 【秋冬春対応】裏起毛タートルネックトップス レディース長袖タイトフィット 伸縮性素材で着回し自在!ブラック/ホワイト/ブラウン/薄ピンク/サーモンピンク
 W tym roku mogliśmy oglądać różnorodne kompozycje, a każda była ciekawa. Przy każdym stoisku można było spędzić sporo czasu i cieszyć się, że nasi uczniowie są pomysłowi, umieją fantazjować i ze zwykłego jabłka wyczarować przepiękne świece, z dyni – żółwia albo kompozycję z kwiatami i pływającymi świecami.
◇ ◇ ◇ ◇
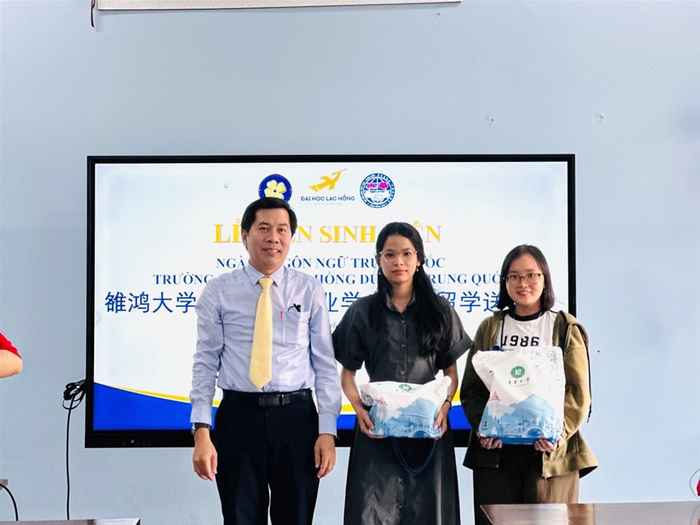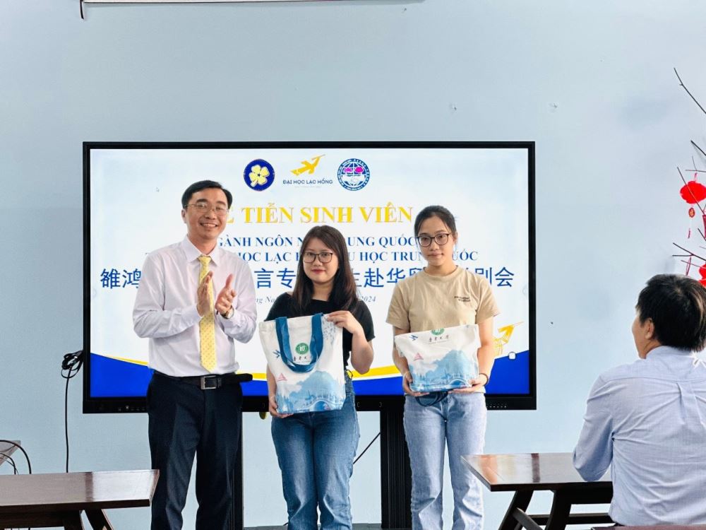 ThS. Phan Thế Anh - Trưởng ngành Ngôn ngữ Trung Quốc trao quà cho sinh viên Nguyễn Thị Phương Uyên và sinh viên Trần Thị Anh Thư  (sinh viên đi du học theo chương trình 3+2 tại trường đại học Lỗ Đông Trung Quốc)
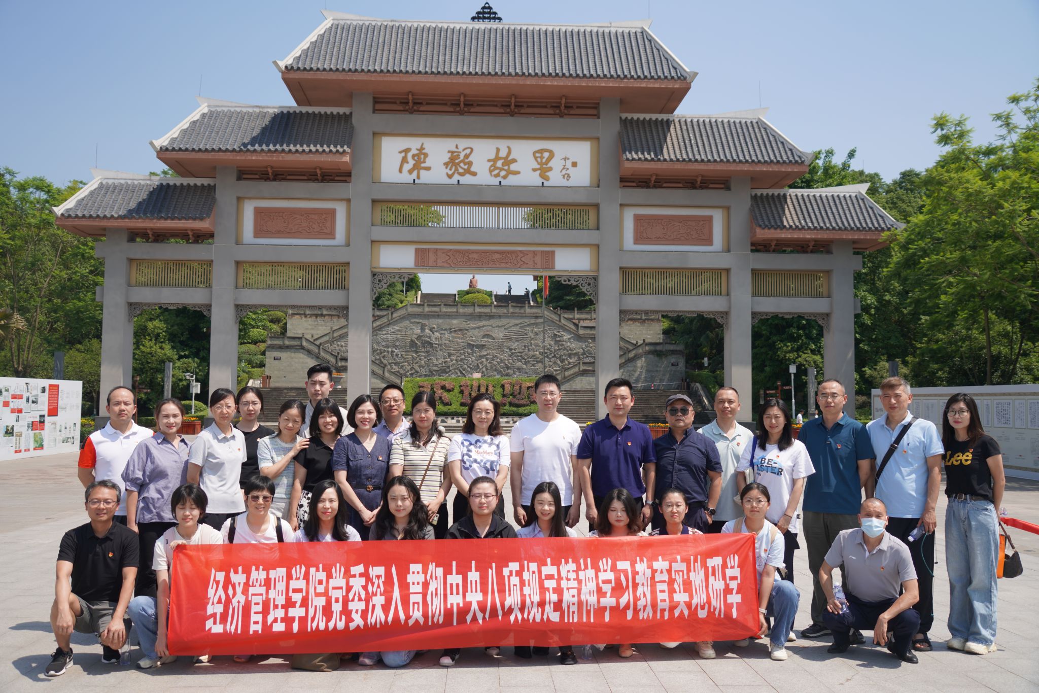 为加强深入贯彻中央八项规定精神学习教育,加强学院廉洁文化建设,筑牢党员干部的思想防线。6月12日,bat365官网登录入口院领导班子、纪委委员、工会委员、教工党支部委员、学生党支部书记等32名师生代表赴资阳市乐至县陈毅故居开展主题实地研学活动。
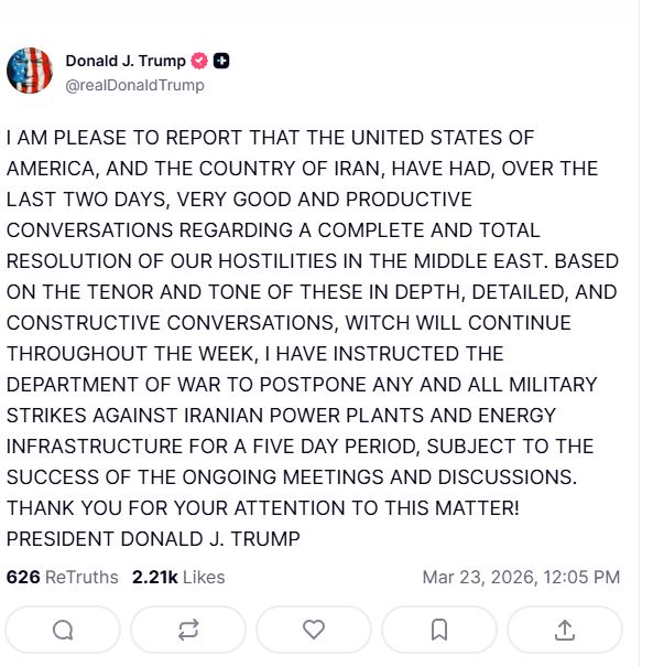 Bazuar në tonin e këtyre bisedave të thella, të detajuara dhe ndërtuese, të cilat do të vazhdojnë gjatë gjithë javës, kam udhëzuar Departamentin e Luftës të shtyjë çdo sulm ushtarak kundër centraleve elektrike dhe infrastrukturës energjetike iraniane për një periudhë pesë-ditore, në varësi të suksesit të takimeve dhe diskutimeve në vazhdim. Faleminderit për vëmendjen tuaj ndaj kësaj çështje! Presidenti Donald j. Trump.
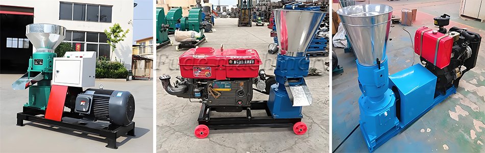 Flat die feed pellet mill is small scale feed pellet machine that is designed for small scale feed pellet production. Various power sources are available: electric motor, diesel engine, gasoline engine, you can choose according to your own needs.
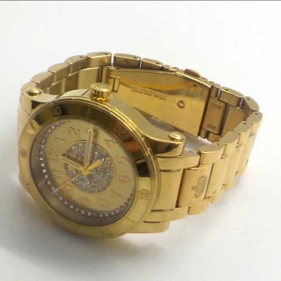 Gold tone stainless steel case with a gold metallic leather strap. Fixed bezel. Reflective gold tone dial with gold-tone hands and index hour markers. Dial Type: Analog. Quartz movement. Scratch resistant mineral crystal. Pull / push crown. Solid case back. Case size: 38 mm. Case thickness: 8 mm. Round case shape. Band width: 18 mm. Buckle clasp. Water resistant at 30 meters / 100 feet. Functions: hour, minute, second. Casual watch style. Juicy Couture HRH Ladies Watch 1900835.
◇ ◇ ◇ ◇
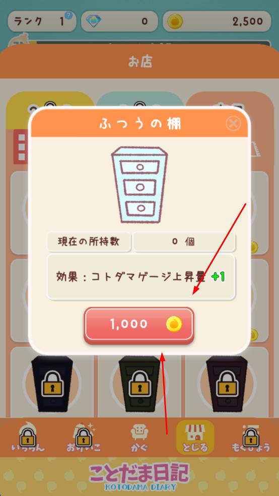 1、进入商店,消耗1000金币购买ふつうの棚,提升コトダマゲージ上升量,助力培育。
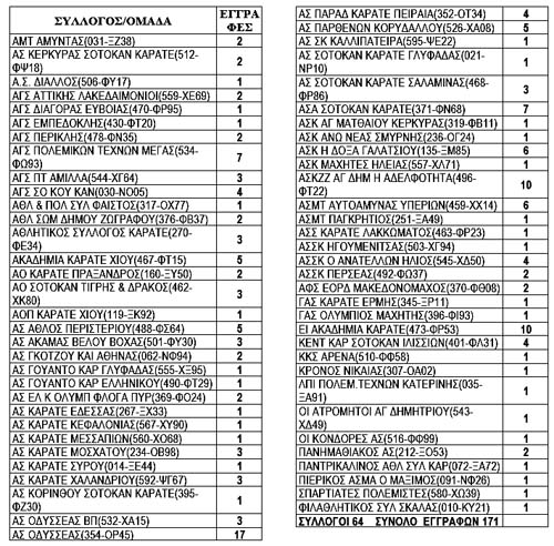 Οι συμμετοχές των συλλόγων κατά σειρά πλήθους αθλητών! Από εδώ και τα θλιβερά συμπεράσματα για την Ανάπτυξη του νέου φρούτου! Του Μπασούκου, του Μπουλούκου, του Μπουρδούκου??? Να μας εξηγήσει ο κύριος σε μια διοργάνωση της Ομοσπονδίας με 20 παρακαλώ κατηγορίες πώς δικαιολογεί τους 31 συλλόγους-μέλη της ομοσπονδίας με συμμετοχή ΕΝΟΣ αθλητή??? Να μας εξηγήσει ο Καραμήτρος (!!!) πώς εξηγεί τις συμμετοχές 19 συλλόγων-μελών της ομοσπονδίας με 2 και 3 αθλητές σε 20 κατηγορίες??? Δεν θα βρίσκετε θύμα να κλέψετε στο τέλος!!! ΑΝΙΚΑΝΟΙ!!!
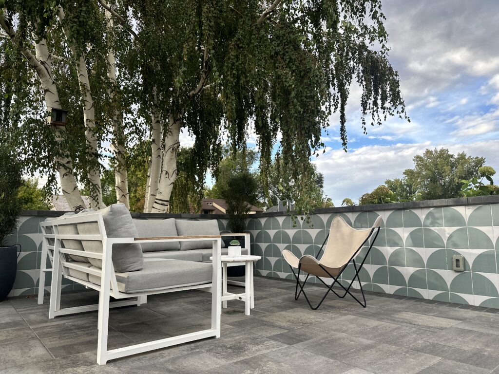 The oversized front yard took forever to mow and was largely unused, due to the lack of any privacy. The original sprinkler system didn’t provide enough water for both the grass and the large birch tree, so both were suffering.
◇ ◇ ◇ ◇
After locating "ThS. Phan Thế" and "为加强深入贯彻中央八项规定精" in the records above, return exactly the line holding each one and every line between them; leave out the pictures.

→ **Solution for this exercise**
 ThS. Phan Thế Anh - Trưởng ngành Ngôn ngữ Trung Quốc trao quà cho sinh viên Nguyễn Thị Phương Uyên và sinh viên Trần Thị Anh Thư  (sinh viên đi du học theo chương trình 3+2 tại trường đại học Lỗ Đông Trung Quốc)
 为加强深入贯彻中央八项规定精神学习教育,加强学院廉洁文化建设,筑牢党员干部的思想防线。6月12日,bat365官网登录入口院领导班子、纪委委员、工会委员、教工党支部委员、学生党支部书记等32名师生代表赴资阳市乐至县陈毅故居开展主题实地研学活动。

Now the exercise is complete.